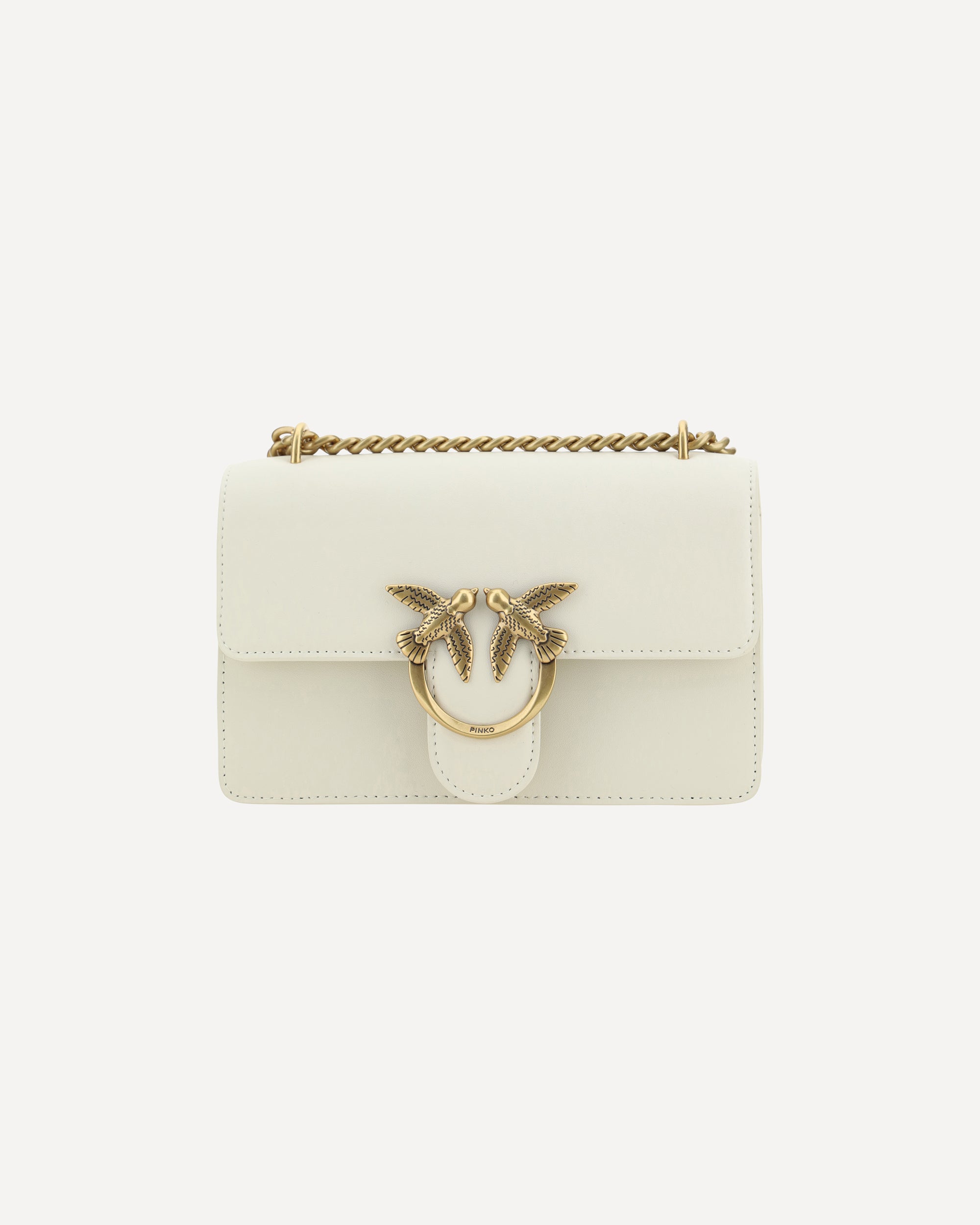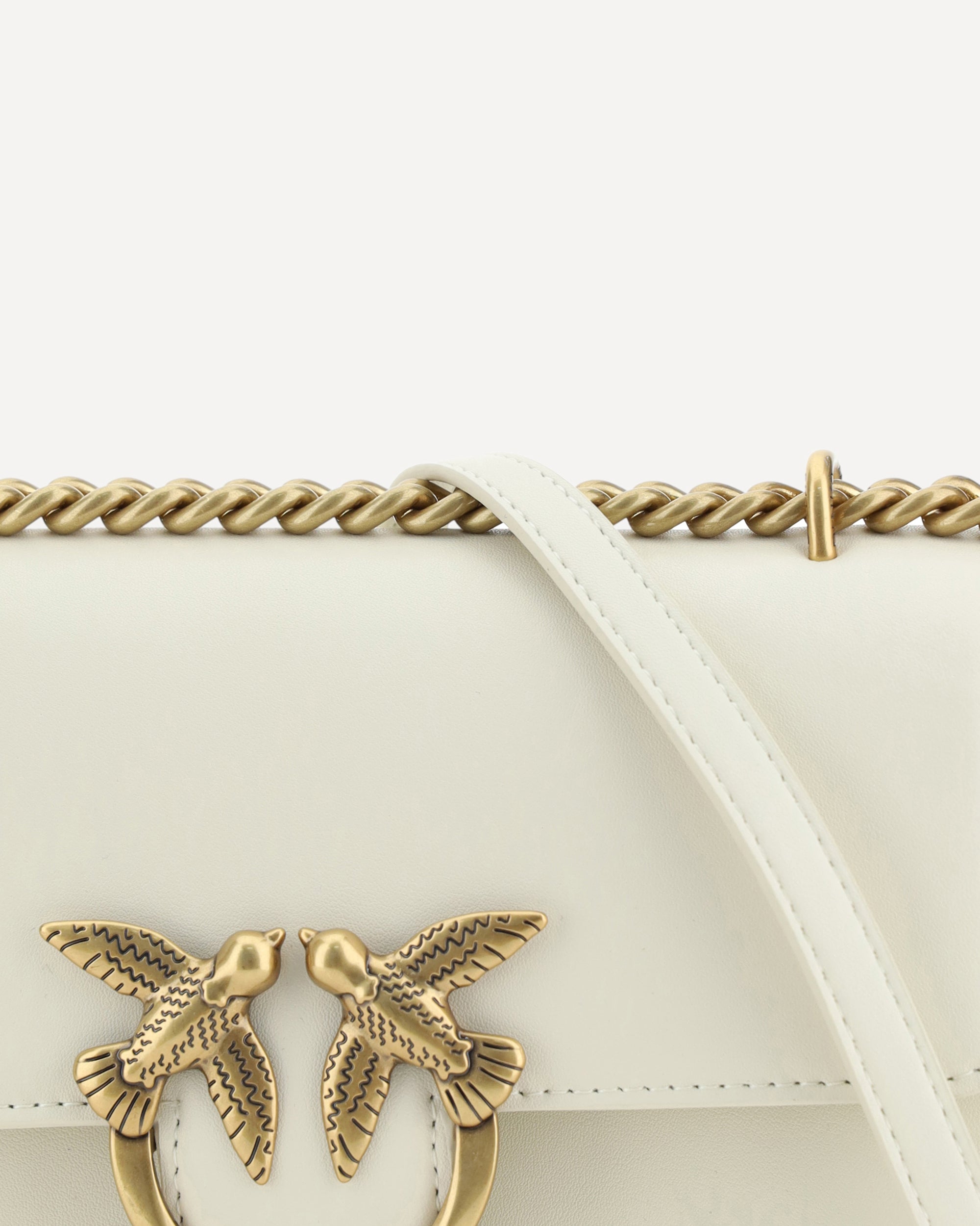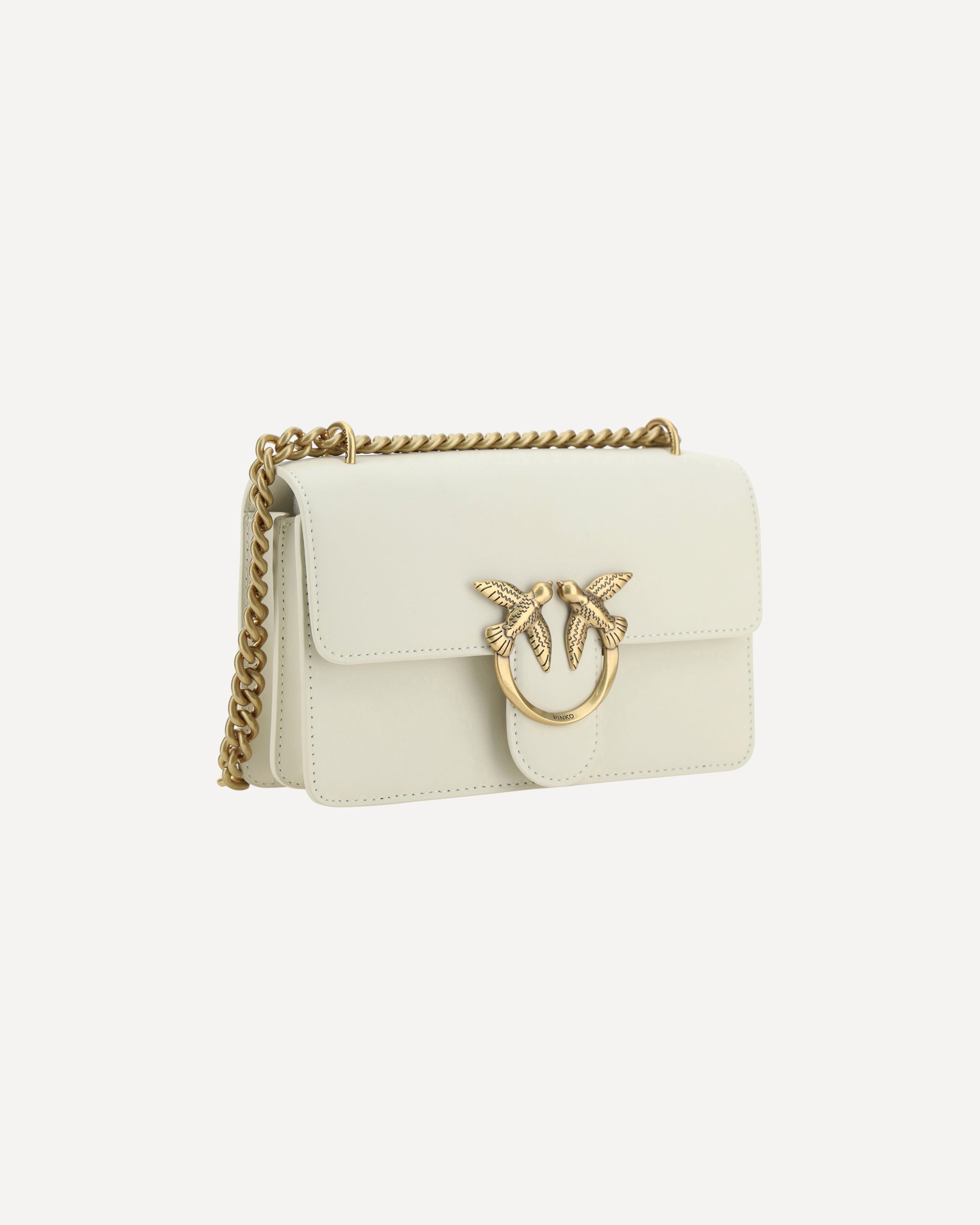 The Calfskin Love One Mini Shoulder Bag by Pinko, featuring front flap closure with magnetic button, iconic silver-plated Love Birds logo embossed on front, dual interior compartment, sliding chain strap, iconic tone-on-tone embroidered brand monogram on back, adjustable and removable flat leather shoulder strap.
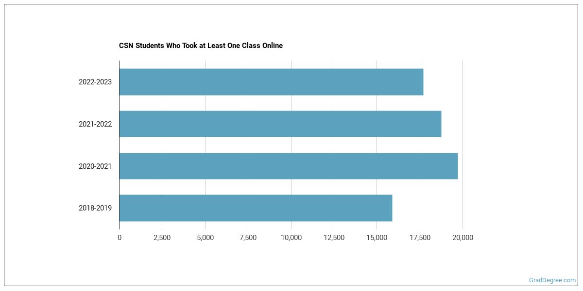 The following chart shows how the online learning population at CSN has changed over the last few years.
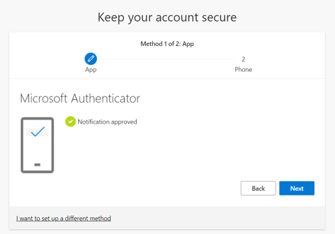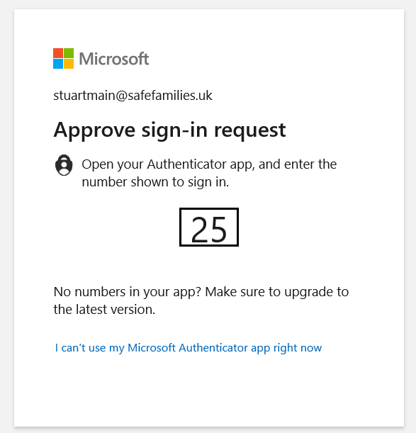 All being well, the Authenticator app will add the Microsoft account and you'll see the following prompt on the laptop screen.
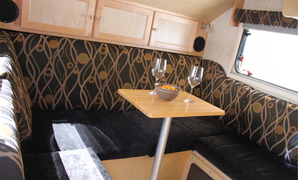If you're on your way to Tahoe (and have the ability to tow), pick up your accommodations on the road! The 1,800-pound TIKI T@B camper from Sierra Teardrops in Auburn has a couch that converts into a queen bed, AC and heat, a refrigerator, sink, and running water. It also has a shower and toilet in a tiny wet bath. The rental includes sheets, towels and cookware. // $100 per night (Auburn), airbnb.com/rooms
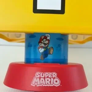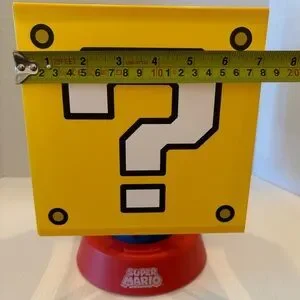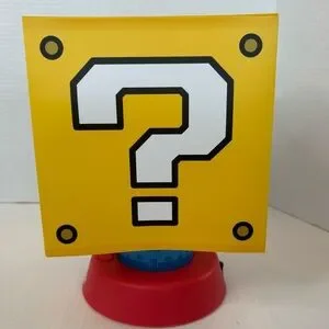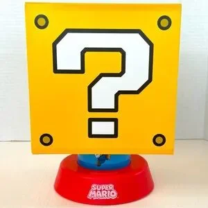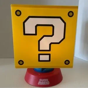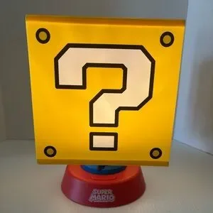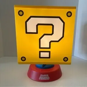 Super Mario Question Mark nightlight with 3 brightness settings and an auto shut off. This light is in good pre-owned condition, no marks but two of the sides are slightly indented. Please see all photos. Doesn’t come with any cords but I just put 3 new AA batteries in it and those will be included. Measures 10” tall and 7” wide. Great for the Mario fan in your life!
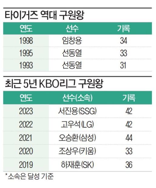 타이거즈는 유독 세이브와 인연이 없었다. 1982년 출범한 프로야구 역사상 '타이거즈 구원왕'은 세 번뿐이었다. 이마저도 1998년 임창용 이후 명맥이 끊겼다. 2015년 윤석민(당시 30세이브·3위) 정도를 제외하면 구원 타이틀에 근접한 선수도 없었다. 풀타임 마무리 투수 4년 차에 접어든 정해영의 도전이 눈길을 끄는 이유다.
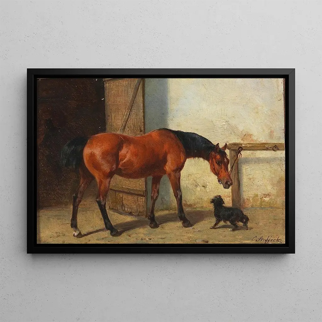 The art print of A good friend is a decorative piece that harmoniously fits into various interiors, whether in a living room, an entryway, or an office. Its printing quality ensures remarkable fidelity to the original work, allowing appreciation of every nuance and expression. By adding this painting to your decor, you bring a touch of warmth and conviviality, while celebrating the unique bond between man and his pet. This canvas, with its timeless charm, will appeal to animal lovers and art enthusiasts alike, making every glance a moment of shared happiness.
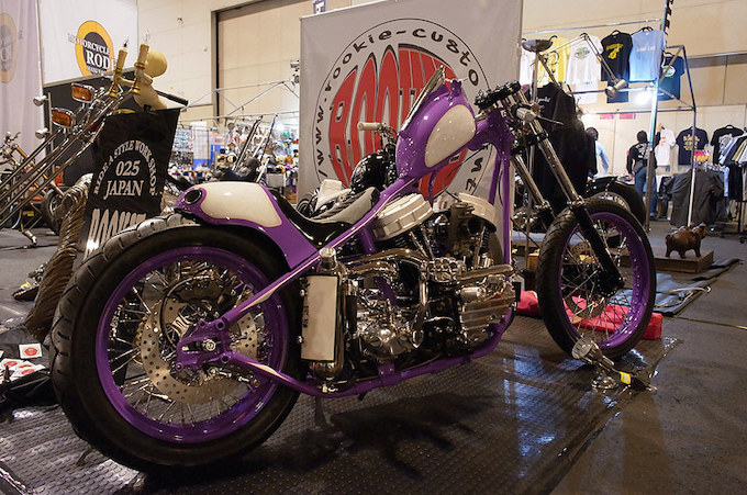パステル調のパープルカラーが印象的なROOKIEが手掛けたパンヘッド。シートカウルの形状に個性を投影したマシンである。
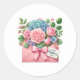 O adesivo é mostrado em uma bela impressão artística de buquê floral.
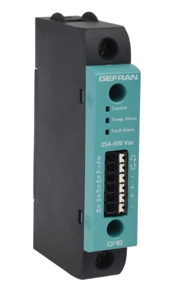 Relé de estado sólido monofásico compacto modelo GRS12048D000 de la marca Gefran, sin disipador, con disparo en cruce por cero, para cargas de hasta 480 VCA, corriente de 25A, comando de 6 … 32 Vdc, y demás especificaciones según hojas técnicas adjuntas.
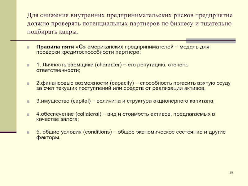 Слайд 18Для снижения внутренних предпринимательских рисков предприятие должно проверять потенциальных партнеров
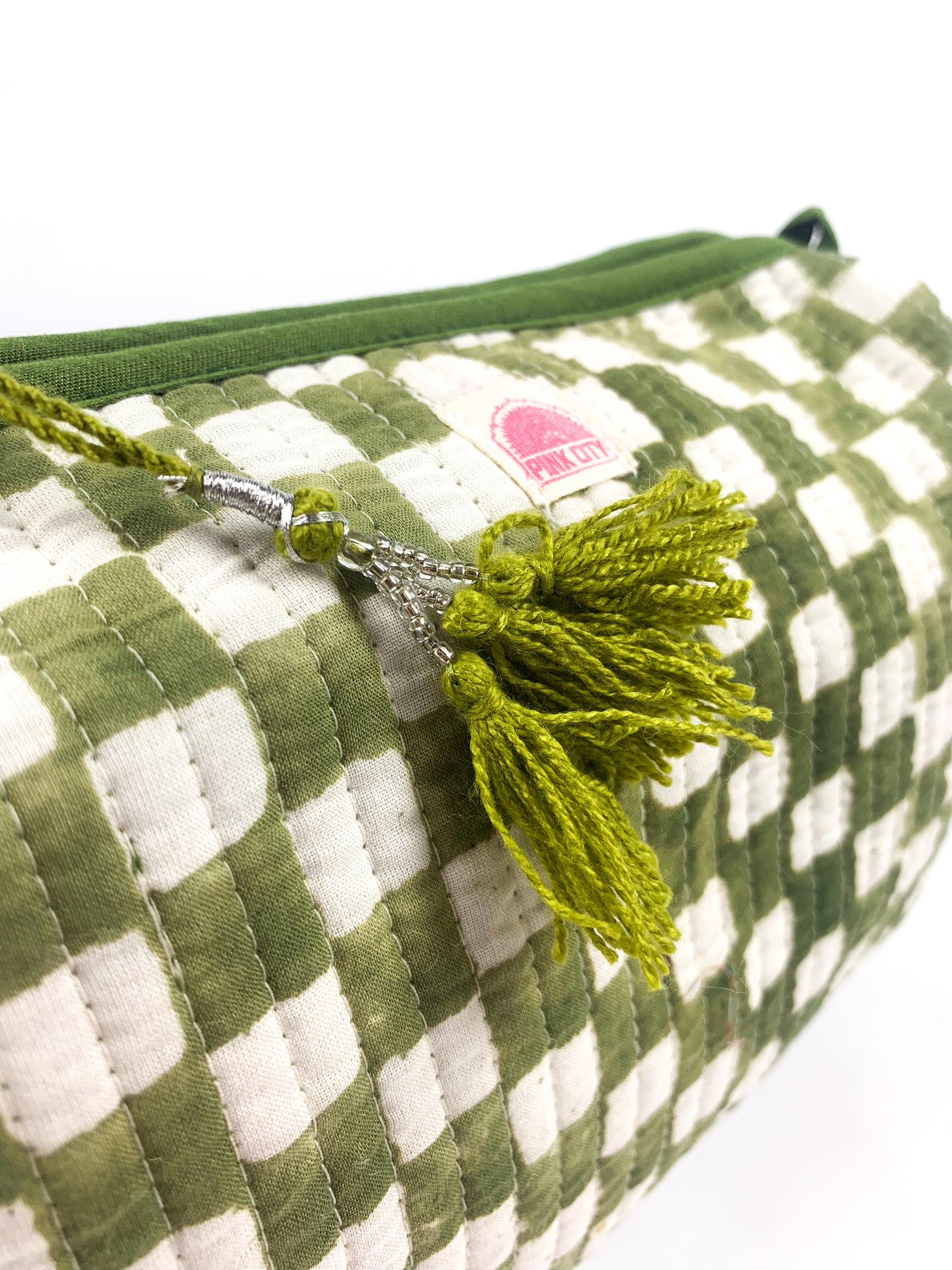 Our block-printed washbags are the perfect travel and everyday staples — handmade in Jaipur from 100% cotton and finished with our signature tassels on every zip.
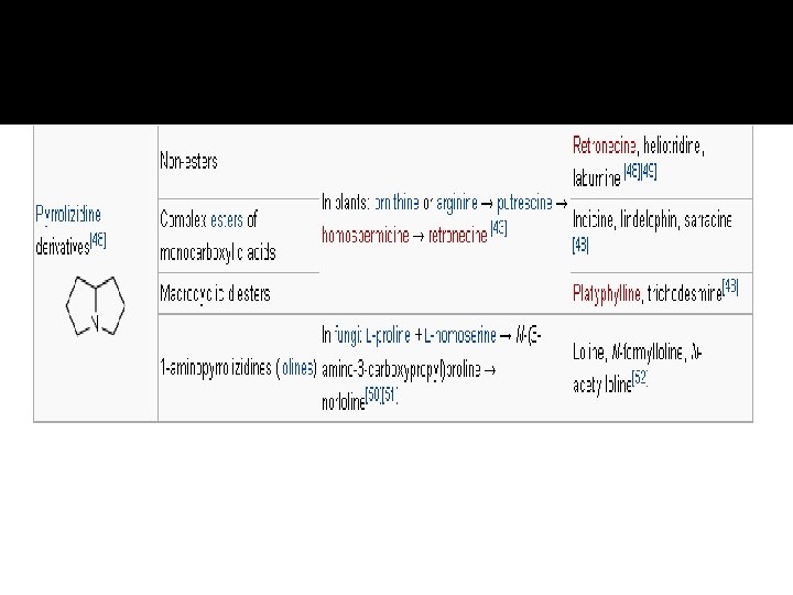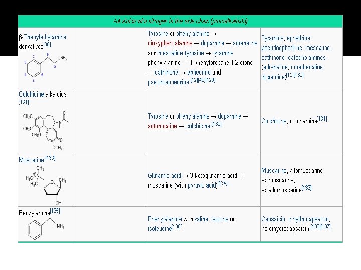 �"Protoalkaloids“ - it contains nitrogen and also originate from amino acids. Examples include mescaline, adrenaline and ephedrine. �Polyamine alkaloids – derivatives of putrescine, spermidine, and spermine. �Peptide and cyclopeptide alkaloids.
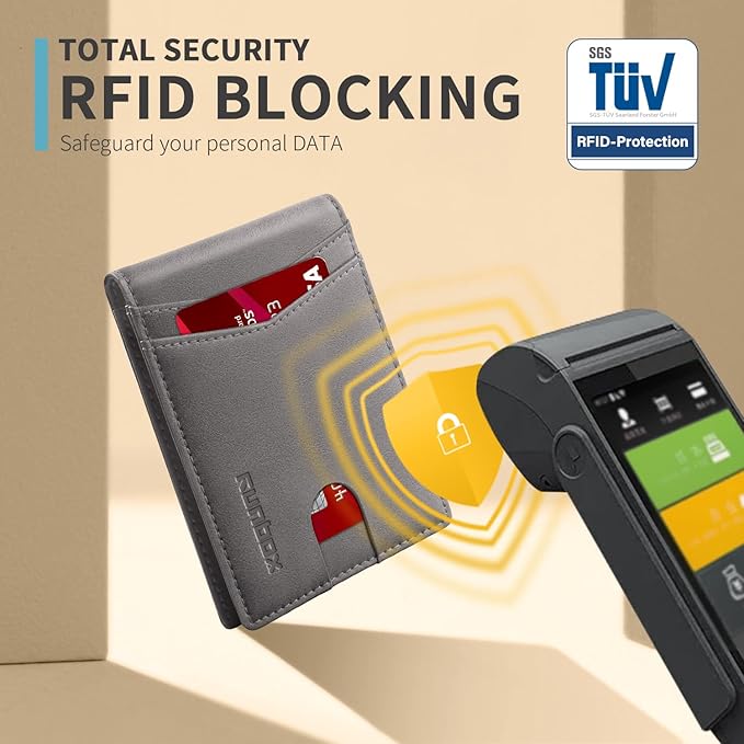 • RFID Blocking - Our wallets are equipped with advanced RFID SECURE Technology, a unique metal composite, engineered specifically to block 13.56 MHz or higher RFID signals and protect the valuable information stored on RFID chips from unauthorized scans. License and ID cards will be protected effectively. Blocking the 13.56 MHz band and protect against data theft by RFID scanners
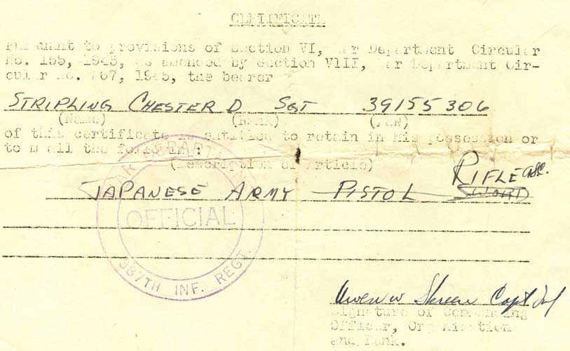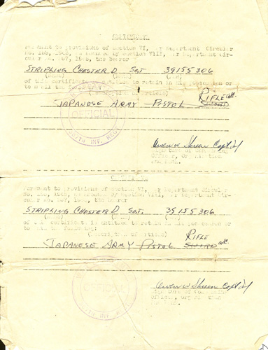 This is the "bring-back" document for this rifle. US servicemen required such a letter to authorize them to bring back war trophies. This one was made out to Sgt. Chester D. Stripling and signed by Infantry Captain Owen W. Skreen. It bears the seal of the 387th Infantry Regiment. From Sgt. Stripling's daughter I learned that his ship was headed for the Pacific Theatre, but when Japan surrendered he ended up in Tokyo. He acquired the rifle while serving in the early part of the US Occupation of Japan. I have a separate letter from her attesting that this document was issued in connection with this rifle, since the document itself does not include a serial number (many did not).
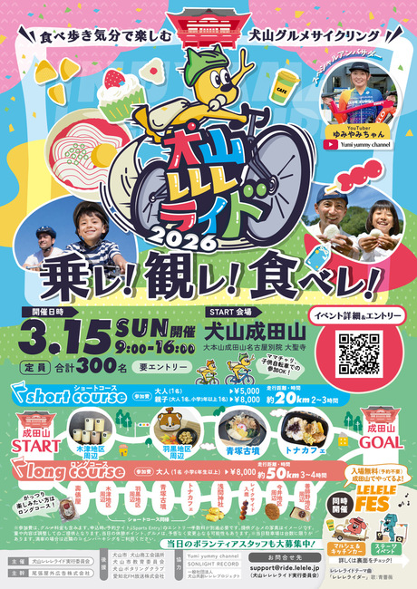 そんな1日体験できる、観光×グルメ×サイクリングの周遊サイクリングイベント 「犬山レレレライド2026」を、2026年3月15日(日)に愛知県犬山市で開催します。

Your objective >> Would you output only the span of the records above that opens with the line containing "The following chart" and closes with the line containing "타이거즈는 유독 세이브와", ends included and pictures dropped?

Exercise solution >>
 The following chart shows how the online learning population at CSN has changed over the last few years.
 All being well, the Authenticator app will add the Microsoft account and you'll see the following prompt on the laptop screen.
If you're on your way to Tahoe (and have the ability to tow), pick up your accommodations on the road! The 1,800-pound TIKI T@B camper from Sierra Teardrops in Auburn has a couch that converts into a queen bed, AC and heat, a refrigerator, sink, and running water. It also has a shower and toilet in a tiny wet bath. The rental includes sheets, towels and cookware. // $100 per night (Auburn), airbnb.com/rooms
 Super Mario Question Mark nightlight with 3 brightness settings and an auto shut off. This light is in good pre-owned condition, no marks but two of the sides are slightly indented. Please see all photos. Doesn’t come with any cords but I just put 3 new AA batteries in it and those will be included. Measures 10” tall and 7” wide. Great for the Mario fan in your life!
 타이거즈는 유독 세이브와 인연이 없었다. 1982년 출범한 프로야구 역사상 '타이거즈 구원왕'은 세 번뿐이었다. 이마저도 1998년 임창용 이후 명맥이 끊겼다. 2015년 윤석민(당시 30세이브·3위) 정도를 제외하면 구원 타이틀에 근접한 선수도 없었다. 풀타임 마무리 투수 4년 차에 접어든 정해영의 도전이 눈길을 끄는 이유다.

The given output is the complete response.